While true end-to-end human-AI collaboration remains rare, these early movers are laying the foundation for scalable, compliant AI deployment. They are building feedback loops, structured workflows, and oversight mechanisms crucial enablers for long-term success. For most organizations, this stage remains a work in progress, but it provides a clear direction for the future of MLR.
How do we move towards meaningful human-AI collaboration? The first is to bring clarity and structure to the way humans and AI work together. This begins by classifying decisions based on their level of risk and complexity:
Tasks that AI can handle autonomously, such as routine, low-risk, rules-based actions
Tasks that require mandatory human validation due to regulatory, ethical, or contextual sensitivity
Tasks best suited for shared, iterative workflows where AI provides assistance and humans finalize decisions
This includes defining escalation protocols and feedback loops to continuously improve AI tools based on reviewer input.
To ensure this framework is effective, it must be reinforced with clear escalation protocols, periodic review checkpoints, and continuous feedback loops, enabling AI models to learn and evolve based on real-world reviewer input.
Establishing clearly defined AI collaboration zones helps organizations determine where AI can operate with minimal oversight.
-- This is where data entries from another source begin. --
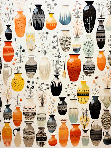Plakat z serii wnętrza zatytułowany Symfonia Wazonów. Wspaniałe wazony w bogatej palecie kolorów, od głębokiej czerni do ciepłych odcieni pomarańczu, tworzą intrygującą mozaikę wzorów i kształtów. Delikatne motywy roślinne, które zdobią niektóre wazony, dodają uroku i lekkości, a różnorodność wzorów i faktur przyciąga wzrok i zaprasza do głębszej refleksji. Kontrast między jasnymi i ciemnymi barwami, a także subtelne niuanse w każdym wazonie, dodają tej kompozycji głębi i dramatu. Ten artystyczny plakat doskonale wpisuje się w klimat wyrafinowanych galerii sztuki, eleganckich kawiarni oraz nowoczesnych przestrzeni mieszkalnych, które stawiają na unikatowy design.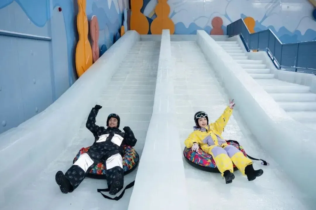 配备冰滑梯、雪地转盘等互动设施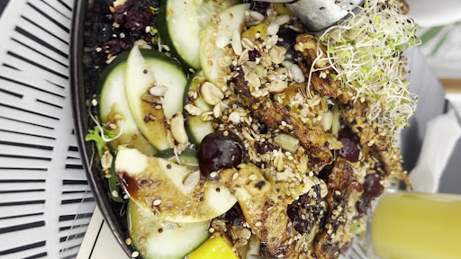 Read moreMe encanta este lugar. Suelo ir en repetidas ocasiones a desayunar o comer, anteriormente estaban en zona Diamante. Si vas a desayunar, te recomiendo el sándwich con tocino caramelizado, la porción es generosa. Los chilaquiles, los puedes pedir ambas salsas, me gusta la combinación del queso de cabra, la cebolla morada, y lo demás, pero en lo personal yo prefiero los chilaquiles bien remojados, estos son más crujientes, la porción es muy generosa. Los hotcakes esta súper ricos. Para la comida el salmón y la combinación con las semillas y salsa es exquisita, quedas satisfecho; el mismo platillo con pollo también es rico. La ensalada es abundante y buena combinación de sabores, las aguas del día exquisitas. Los jugos son ricos pero no son tan naturales como el resto de sus ingredientes, ahí podrían mejorar esa parte. En las mañanas, a veces es recomendable reservar si van varias personas. Si es tu cumpleaños, te regalan un poste con velita. La decoración es muy armoniosa y hay mucho contacto con la naturaleza, los asientos quizá podrían ser un poco incómodos. El servicio es bueno, pero son pocos meseros y toca...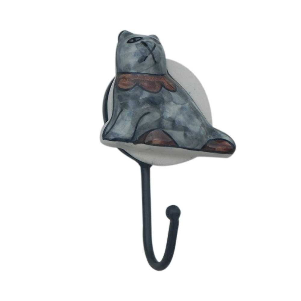 Cat Ceramic Hook. When Put on Wall or Cabinet It is An Art in Itself. This Black Powder Coated Iron Hook is Strong Enough to Hold Your Cloths, Keys, Tea Cups, Coffee Mugs, Hand Towels Etc. It Will Give A Colorful and Artistic Look to Your Kid's Room.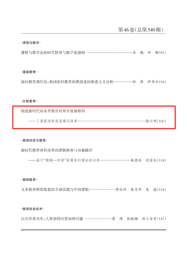 巴卡漫画教育学系徐小洲教授的学术论文《构建新时代高水平教育对外开放新格局——三型联动教育对外开放模式探索》在2025年第1期《教育研究》上刊发。

Few examples are outlined in the table below:
| AI Collaboration Zone | AI Autonomy (Low-Risk Tasks) | Human Validation (High-Risk/Complex Tasks) |
|---|---|---|
| Content Structuring | Auto-generating standard section headers in MLR review documents such as promotional materials, HCP emails, or slide decks | Reordering sections to align with therapeutic messaging hierarchy and narrative flow for launch campaigns |
| Terminology Checks | Flagging non-preferred terms like "patient-friendly" vs "patient-centric" | Justifying exceptions to standard lexicons when scientific nuance (e.g., mechanism of action specificity) requires deviation |
| Reference Linking | Auto-linking referenced publications to source documents and claims they support | Auto-linking references to the claims they support, with AI-enabled validation to check if cited studies truly substantiate those claims (e.g., statistical significance of efficacy). |
| Tone Consistency | Detecting use of informal or promotional tone like "breakthrough" | Deciding if the overall message, when viewed in therapeutic context, could be perceived as misleading or non-compliant |
| Translation Review | Identifying untranslated strings or inconsistent localization terms | Reviewing nuanced translations of safety language or boxed warnings to ensure alignment with regulatory intent |
| Version Control | Flagging missing safety disclaimers between document versions | Assessing whether a subtle content change (eg., rephrased claim) alters the scientific integrity or introduces new regulatory risk |
| Scientific Claims and Pre-Approved Content | Suggesting pre-approved digital SOPs with scientific statements or claim libraries for preliminary checks including auto-linking associated references | Confirming that scientific claims are still valid in the promotional context and that references remain current and compliant |
This type of calibrated approach allows teams to progressively expand AI’s role by starting with trusted, repetitive tasks and gradually layering in more human assistance, ultimately creating a scalable, governed collaboration model.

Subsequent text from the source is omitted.